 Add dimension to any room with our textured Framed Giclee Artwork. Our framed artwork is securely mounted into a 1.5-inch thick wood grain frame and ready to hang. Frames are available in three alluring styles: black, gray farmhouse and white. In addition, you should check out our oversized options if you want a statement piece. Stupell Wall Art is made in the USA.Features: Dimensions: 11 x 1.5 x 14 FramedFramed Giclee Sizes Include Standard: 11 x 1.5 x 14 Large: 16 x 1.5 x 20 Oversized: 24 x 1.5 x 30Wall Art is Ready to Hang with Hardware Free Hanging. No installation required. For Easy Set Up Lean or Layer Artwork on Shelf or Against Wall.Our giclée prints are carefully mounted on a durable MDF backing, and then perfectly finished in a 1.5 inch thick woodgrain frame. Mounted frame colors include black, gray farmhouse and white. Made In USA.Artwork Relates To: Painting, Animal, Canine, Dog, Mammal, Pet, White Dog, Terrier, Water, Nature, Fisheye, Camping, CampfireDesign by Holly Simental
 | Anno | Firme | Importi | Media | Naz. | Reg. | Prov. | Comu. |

---

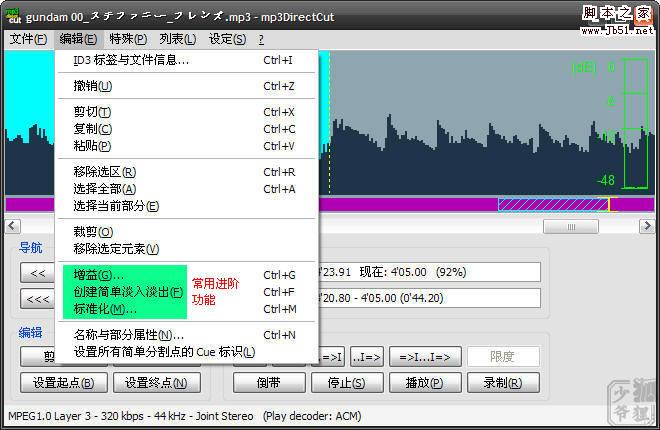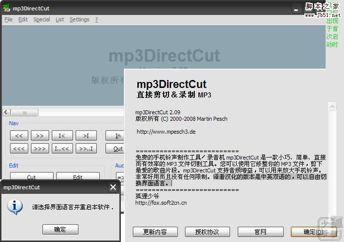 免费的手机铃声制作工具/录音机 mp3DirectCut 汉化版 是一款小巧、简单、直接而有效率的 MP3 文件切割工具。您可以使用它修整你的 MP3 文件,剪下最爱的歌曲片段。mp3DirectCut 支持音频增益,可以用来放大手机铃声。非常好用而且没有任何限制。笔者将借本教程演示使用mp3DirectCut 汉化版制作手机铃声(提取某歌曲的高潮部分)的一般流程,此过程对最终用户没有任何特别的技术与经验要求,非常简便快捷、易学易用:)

▸ Instructions to follow:
Look back at the entries above. Retype the line with "Add dimension to", the line with "Prov. | Comu. |", and all lines in between.

▸ Exercise solution:
 Add dimension to any room with our textured Framed Giclee Artwork. Our framed artwork is securely mounted into a 1.5-inch thick wood grain frame and ready to hang. Frames are available in three alluring styles: black, gray farmhouse and white. In addition, you should check out our oversized options if you want a statement piece. Stupell Wall Art is made in the USA.Features: Dimensions: 11 x 1.5 x 14 FramedFramed Giclee Sizes Include Standard: 11 x 1.5 x 14 Large: 16 x 1.5 x 20 Oversized: 24 x 1.5 x 30Wall Art is Ready to Hang with Hardware Free Hanging. No installation required. For Easy Set Up Lean or Layer Artwork on Shelf or Against Wall.Our giclée prints are carefully mounted on a durable MDF backing, and then perfectly finished in a 1.5 inch thick woodgrain frame. Mounted frame colors include black, gray farmhouse and white. Made In USA.Artwork Relates To: Painting, Animal, Canine, Dog, Mammal, Pet, White Dog, Terrier, Water, Nature, Fisheye, Camping, CampfireDesign by Holly Simental
 | Anno | Firme | Importi | Media | Naz. | Reg. | Prov. | Comu. |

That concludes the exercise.